Today I’ve found the Disassembler IL between the tools provided with VS2008. I tried to disassemble a program and give a look to the result. Opcodes weren’t so hard to understand but one thing surprised me: the .NET is stack based?! Reading “Write great code, volume II” I didn’t get a good picture of stack based machines because they’re quite slow. They’re easy to implement, too but I don’t think MS devs chose this approach because of its simplicity, after all that code has to be translated into real machine code so they would just move the problem.
Can any of you explain this strange choice?
PS:
I post here what I read about this topic:
13.1.1 Stack-Based Machines
Stack-based machines use memory for
most calculations, employing a stack
in memory to hold all operands and
results. Computer systems employing a
stack architecture offer some
important advantages over other
architectures:
- The
instructions are often smaller (each
consuming fewer bytes) than those
found in other architectures because
the instructions generally don’t have
to specify any operands.- It
is generally easier to write compilers
for stack architectures than for other
machines because converting arithmetic
expressions to a sequence of stack
operations is very easy.- Temporary variables are rarely
needed in a stack architecture,
because the stack itself serves that
purpose.Unfortunately, stack
machines also suffer from some serious
disadvantages:
- Almost every
instruction references memory (which
is slow on modern machines).
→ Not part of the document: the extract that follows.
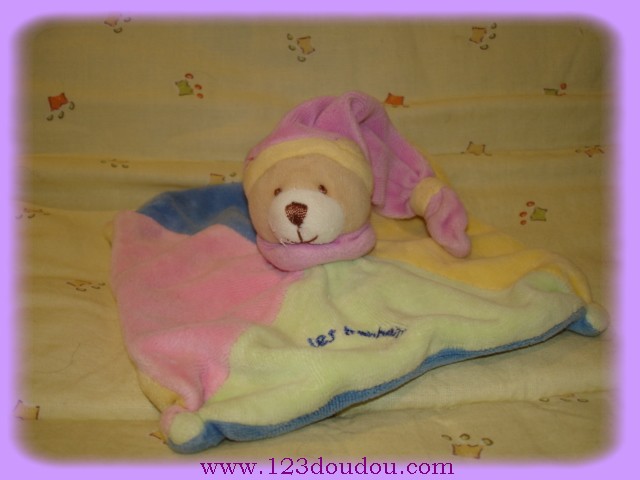 Doudou Ours Plat Carré Rose et Bleu Les Bonbons Babynat

Though
caches can help mitigate this problem,
memory performance is still a major
problem on stack machines.- Even though conversion from HLLs
to a stack machine is very easy, there
is less opportunity for optimization
than there is with other
architectures.- Because stack
machines are constantly accessing the
same data elements (that is, data on
the top of the stack), pipelining and
instruction parallelism is difficult
to achieve (see Write Great Code,
Volume 1 for details on pipelining and
instruction parallelism).A
stack is a data structure that allows
operations only on a few limited
elements of the stack (often called
the top of stack and next on stack).
With a stack you generally do one of
three things: push new data onto the
stack, pop data from the stack, or
operate on the data that is currently
sitting on the top of the stack (and
possibly the data immediately below
it).
and
13.1.1.5 Real-World Stack Machines
A big advantage of the stack
architecture is that it is easy to
write a compiler for such a machine.
It’s also very easy to write an
emulator for a stack-based machine.
For these reasons, stack architectures
are popular in virtual machines (VMs)
such as the Java Virtual Machine and
the Microsoft Visual Basic p-code
interpreter. A few real-world
stack-based CPUs do exist, such as a
hardware implementation of the Java
VM; however, they are not very popular
because of the performance limitations
of memory access. Nonetheless,
understanding the basics of a stack
architecture is important because many
compilers translate HLL source code
into a stack-based form prior to
translating to actual machine code.
Indeed, in the worst case (though
rare), compilers are forced to emit
code that emulates a stack-based
machine when compiling complex
arithmetic expressions.
EDIT: I’ve just found an article in @EricLippert’s blog answering the question and confirming @Aaron’s answer
Keep in mind that just because the intermediate representation is stack-based it doesn’t mean the generated machine code is stack-based. As the code is converted from the intermediate form to machine code it’s basically recompiled – allowing for local optimizations.
Once nice thing about using a stack-based intermediate representation is that you’re not tied to any specific architecture.
Imagine if they had decided to use a theoretical register-based system as their intermediate form. How many registers should they pick? 8? 16? 64? If your target processor has more actual registers than the intermediate form then you’ve lost out on possible optimizations. If your target has less actual registers than the intermediate then your optimizations are counter-productive because those registers are flushed to memory anyway.
Even on current CPUs you’ve got a big difference compiling down to x86 vs x64 – not to mention alternate architectures (ARM) or future architectures.
For something like this it’s good that they kept it in the simplest form and then rely on optimization during final code generation to match it to the actual hardware.